* **EXERCISE OBJECTIVE**
Only the lines from the "割子うどんは、かけ、山菜、おろし、納豆の4種類が味わえます。" line through the last line of the material below belong in the answer, reproduced exactly and with no pictures.

====== PROVIDED MATERIAL

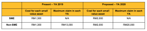 100% ACA is given to small value asset incurred for the YA 2020. It is proposed that the special allowance be enhanced as follows:-
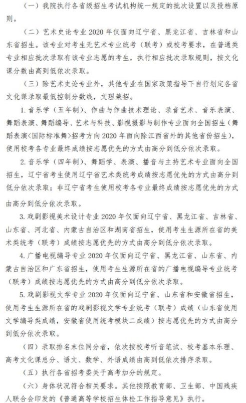 1、报考我院的考生,文化课总分达到我院最低控制线后,依据考生填报的高考专业志愿,按照“分数优先、平行志愿”规则,各类别根据考生专业课考试和高考文化课考试的综合分数,文理科考生从高到低统一排名依次录取(辽宁省考生统一排名,外省考生统一排名)。
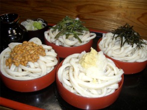 割子うどんは、かけ、山菜、おろし、納豆の4種類が味わえます。
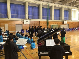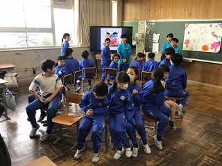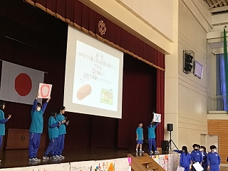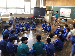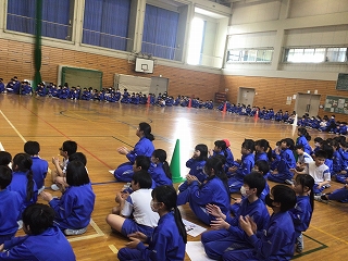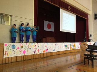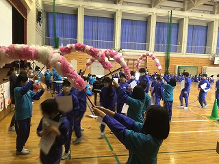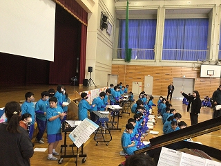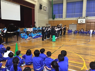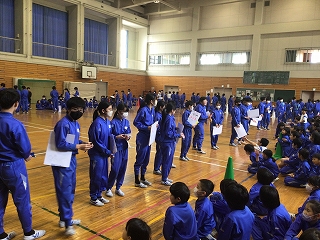 5年生が中心となって、盛大に6年生を送る会を行いました。第1部は教室で縦割り班ごとに遊び、第2部では、体育館で〇×クイズをしたり5年生の合奏や先生方の合唱を贈りました。6年生の皆さんも楽しんだり合唱・合奏に聴き入ったりしていました。5年生の皆さん、ありがとうございました。
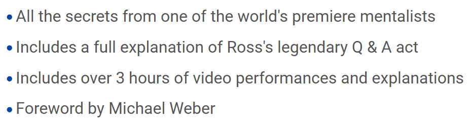 Jeff and Tessa Evason: “Ross is a true luminary in the world of mentalism. For decades, he has inspired us—not only with his brilliant performances, but with his deep thinking and masterful approach to the craft. It’s incredibly rare for a professional performer of Ross’s stature to share material he has polished over a lifetime on stage. This book is a treasure trove, and we feel so fortunate to have access to it. For any serious student of mentalism, this is a huge gift.”
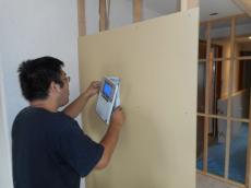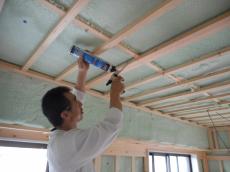 吹き付け断熱の欠損部分には、手作業で充填していきます。

============

* **EXERCISE RESPONSE**
 割子うどんは、かけ、山菜、おろし、納豆の4種類が味わえます。
 5年生が中心となって、盛大に6年生を送る会を行いました。第1部は教室で縦割り班ごとに遊び、第2部では、体育館で〇×クイズをしたり5年生の合奏や先生方の合唱を贈りました。6年生の皆さんも楽しんだり合唱・合奏に聴き入ったりしていました。5年生の皆さん、ありがとうございました。
 Jeff and Tessa Evason: “Ross is a true luminary in the world of mentalism. For decades, he has inspired us—not only with his brilliant performances, but with his deep thinking and masterful approach to the craft. It’s incredibly rare for a professional performer of Ross’s stature to share material he has polished over a lifetime on stage. This book is a treasure trove, and we feel so fortunate to have access to it. For any serious student of mentalism, this is a huge gift.”
 吹き付け断熱の欠損部分には、手作業で充填していきます。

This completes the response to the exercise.